- [Supplied information]:
[Start of section]

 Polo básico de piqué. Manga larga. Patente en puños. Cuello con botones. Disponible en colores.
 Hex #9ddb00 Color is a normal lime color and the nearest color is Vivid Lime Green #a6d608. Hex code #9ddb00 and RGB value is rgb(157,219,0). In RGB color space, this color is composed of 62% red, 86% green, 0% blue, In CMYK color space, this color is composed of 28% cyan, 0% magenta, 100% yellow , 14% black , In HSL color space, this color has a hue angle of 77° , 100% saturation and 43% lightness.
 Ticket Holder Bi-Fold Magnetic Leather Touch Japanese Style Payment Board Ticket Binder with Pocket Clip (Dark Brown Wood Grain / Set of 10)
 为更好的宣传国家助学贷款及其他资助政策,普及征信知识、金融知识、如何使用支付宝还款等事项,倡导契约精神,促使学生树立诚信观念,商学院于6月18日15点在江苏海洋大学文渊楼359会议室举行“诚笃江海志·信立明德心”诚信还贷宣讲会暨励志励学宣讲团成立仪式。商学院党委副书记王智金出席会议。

[End of section]
[Start of section]

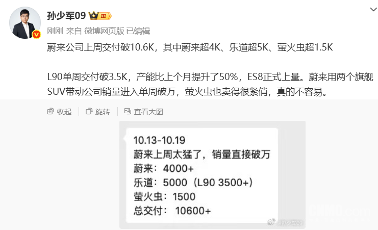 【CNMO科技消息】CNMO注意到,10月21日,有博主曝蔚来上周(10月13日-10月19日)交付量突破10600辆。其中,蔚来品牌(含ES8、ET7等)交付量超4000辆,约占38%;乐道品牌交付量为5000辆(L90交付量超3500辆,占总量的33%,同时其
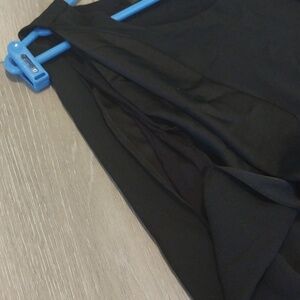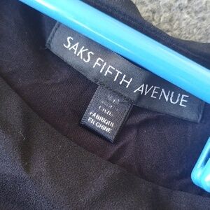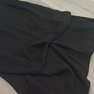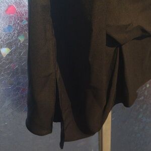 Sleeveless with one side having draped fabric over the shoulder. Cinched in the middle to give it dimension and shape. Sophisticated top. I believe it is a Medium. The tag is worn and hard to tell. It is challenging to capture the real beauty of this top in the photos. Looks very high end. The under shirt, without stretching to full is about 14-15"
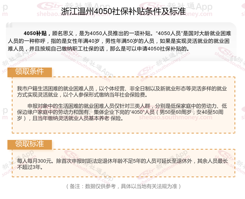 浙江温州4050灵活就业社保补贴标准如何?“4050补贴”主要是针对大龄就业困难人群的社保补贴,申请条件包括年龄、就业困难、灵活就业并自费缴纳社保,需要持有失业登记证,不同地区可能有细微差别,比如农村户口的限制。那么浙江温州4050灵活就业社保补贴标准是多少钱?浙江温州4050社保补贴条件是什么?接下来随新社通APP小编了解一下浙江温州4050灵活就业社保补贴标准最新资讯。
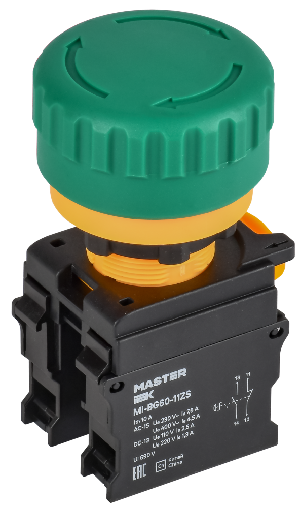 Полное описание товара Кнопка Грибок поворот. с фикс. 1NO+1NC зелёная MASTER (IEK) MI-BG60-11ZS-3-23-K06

[End of section]
[Start of section]

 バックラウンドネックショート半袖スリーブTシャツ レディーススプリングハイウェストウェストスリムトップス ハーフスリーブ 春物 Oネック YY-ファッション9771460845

[End of section]

Return only the part of the records above that opens with the line containing "Hex #9ddb00 Color" and closes with the line containing "为更好的宣传国家助学贷款及其", ends included.

- [Exercise output]:
 Hex #9ddb00 Color is a normal lime color and the nearest color is Vivid Lime Green #a6d608. Hex code #9ddb00 and RGB value is rgb(157,219,0). In RGB color space, this color is composed of 62% red, 86% green, 0% blue, In CMYK color space, this color is composed of 28% cyan, 0% magenta, 100% yellow , 14% black , In HSL color space, this color has a hue angle of 77° , 100% saturation and 43% lightness.
 Ticket Holder Bi-Fold Magnetic Leather Touch Japanese Style Payment Board Ticket Binder with Pocket Clip (Dark Brown Wood Grain / Set of 10)
 为更好的宣传国家助学贷款及其他资助政策,普及征信知识、金融知识、如何使用支付宝还款等事项,倡导契约精神,促使学生树立诚信观念,商学院于6月18日15点在江苏海洋大学文渊楼359会议室举行“诚笃江海志·信立明德心”诚信还贷宣讲会暨励志励学宣讲团成立仪式。商学院党委副书记王智金出席会议。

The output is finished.